A favor da classificação pesaram igualmente práticas agrícolas que mantêm a diversidade genética adaptada ao clima semiárido. “Variedades tradicionais de culturas, incluindo cereais, leguminosas e forragens, são cultivadas em rotação ou em consociação com pastagens e árvores, preservando diversidade genética e características adaptativas”. Acresce que as raças locais, como a cabra serpentina, são “essenciais para o equilíbrio ecológico”, controlando o avanço do mato e favorecendo a regeneração das pastagens naturais.

Por outro lado, refere a mesma fonte grande parte da sustentabilidade do sistema assenta no saber transmitido entre gerações. “O conhecimento sobre quando e como extrair cortiça, como equilibrar a pressão do pastoreio e como gerir parcelas de uso múltiplo não está escrito, mas está incorporado na prática quotidiana, na observação e na transmissão oral”. Um conhecimento empírico reforçado por eventos comunitários, trabalho cooperativo e redes locais de entreajuda.

O dossier sublinha que o Montado da Serra de Serpa é também um espaço cultural profundamente ligado à identidade local. “A narração oral, as canções tradicionais e as celebrações agrícolas reforçam a ligação entre as pessoas e a terra e mantêm vivo o património imaterial associado à vida rural”. Tratam-se de práticas como a transumância sazonal, os rituais de extração da cortiça e as festas dos pastores continuam a marcar o calendário comunitário.
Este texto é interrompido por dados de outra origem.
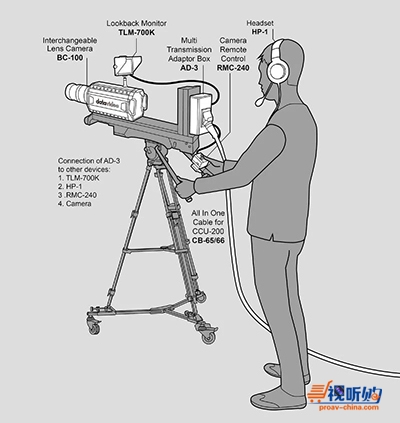 我们将回看视频信号从CCU-200传输到AD-3,方便摄像师于摄像机视频及PGM视频间切换监看。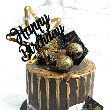 Golden star with black happy birthday Acrylic Cake Toppers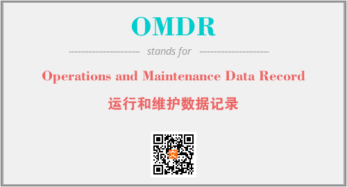 英文缩略词“OMDR”经常作为“Operations and Maintenance Data Record”的英文缩写来使用,中文表示:“运行和维护数据记录”。本文将详细介绍英文缩写词OMDR所代表英文单词,其对应的中文拼音、详细解释以及在英语中的流行度。此外,还有关于缩略词OMDR的分类、应用领域及相关应用示例等。

A documentação disponibilizada pela FAO refere ainda que configuração da paisagem — com sobreiros dispersos, campos cultivados, muros de pedra, ribeiras temporárias e caminhos de pastoreio — resulta de séculos de coevolução entre a natureza e o uso humano. “Cada elemento da paisagem — dos caminhos de pastoreio aos talhões de cortiça — faz parte de uma rede funcional de espaços e práticas”.